Food of the Month
Fabulous fennel
‘It’s all things to all people’ says Liz Hemphill in Sticks, Seeds, Pods & Leaves. ‘You want a vegetable, a herb, a spice, a garnish? Then fennel’s the one for you.’ First of all you can slice or dice the bulb and stems and use them raw in salads or whole as a scoop with dips. They are just as delicious cooked – added to soups, casseroles and stir fries, or serve as a side dish baked, sauteed or lightly steamed. Then as a herb, you can use the feathery fronds which resemble dill with baked fish. And if that’s not enough, as a spice you can add the aromatic seeds with their light anise flavour (sparingly we suggest) to a variety of dishes from curries to meat loaf, tomato dishes or even savoury biscuits. You’ll find a couple of delicious dishes the make the most of fennel in previous issues of GI News. – Tangy roast beet and walnut salad (May 2007) and Tuna, bean, olive and fennel salad (November 2007).
Fennel is a great way to help you get those five serves of veggies a day. The bulb is a serious contender in the versatile veggie competition. Not only is it delicious whatever you do with it, it’s also big on volume, small on kilojoules and full of fibre. It is a very good source of vitamin C, folate, potassium and manganese and provides some calcium and iron. It also contains a fascinating phytonutrient called anethole – the primary component of its volatile oil.
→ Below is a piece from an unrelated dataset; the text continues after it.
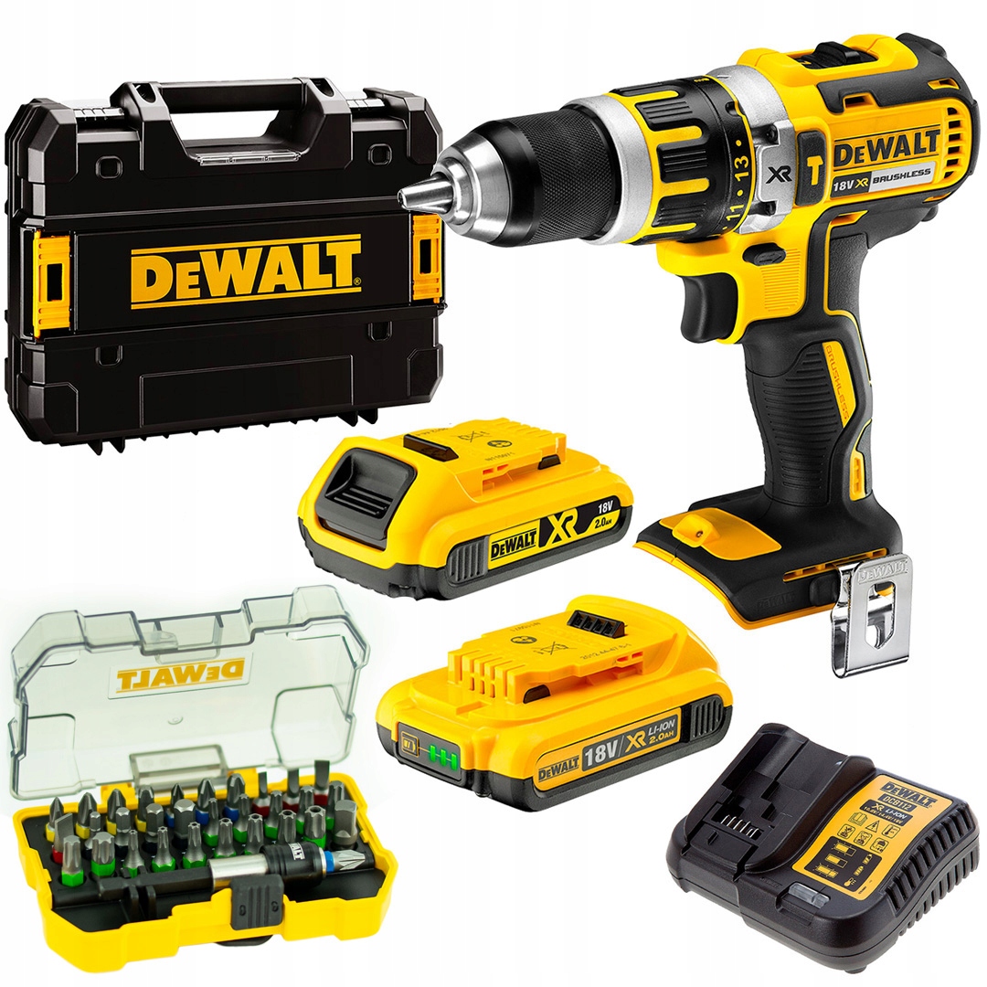 Бесщеточная ударная дрель/винтоверт 18В 2x2Ач 60Нм 18В DeWALT DCD795D2 упакован в системный кейс TSTAK + набор бит DeWALT из 32 предметовDT7969

In animal studies, the anethole in fennel has been shown to reduce inflammation and to help prevent the occurrence of cancer.
Tuna and fresh fennel stew
This recipe from Sticks, seeds, Pods & Leaves is for the serious ‘fennelophile’
Serves 4–6
2 bulbs fennel, thinly sliced
1 onion, chopped
2 cloves garlic, finely chopped
2 tablespoons extra virgin olive oil
1 x 400 g (14 oz) can whole tomatoes
2 dried bay leaves
1/4 cup continental parsley
1 generous strip lemon rind
2 tablespoons freshly squeezed lemon juice
1/2 cup white wine
450 g (1 lb) fresh tuna, cut into bite-sized cubes
1 cup (250 ml) fish stock
salt and freshly ground black pepper
1/4 cup chopped fennel leaves
Combine the fennel, onion, garlic and oil in a large pan and cook over moderate heat, stirring frequently until just softened, about 5 minutes. Add the tomatoes and cook for a further 5 minutes, stirring frequently. Add the bay leaves, parsley, lemon rind and juice and the wine and simmer for about 20 minutes. Just before serving, add the tuna and simmer until cooked, about 3–4 minutes. Transfer the tuna and vegetables to a bowl with a slotted spoon and reduce the liquid by about a third. Discard the bay leaves and lemon rind and return the tuna and vegetables to the pan. Heat through, seasoning to taste with salt and pepper. Sprinkle over the fennel leaves and serve the stew with sourdough bread to mop up the sensational juices.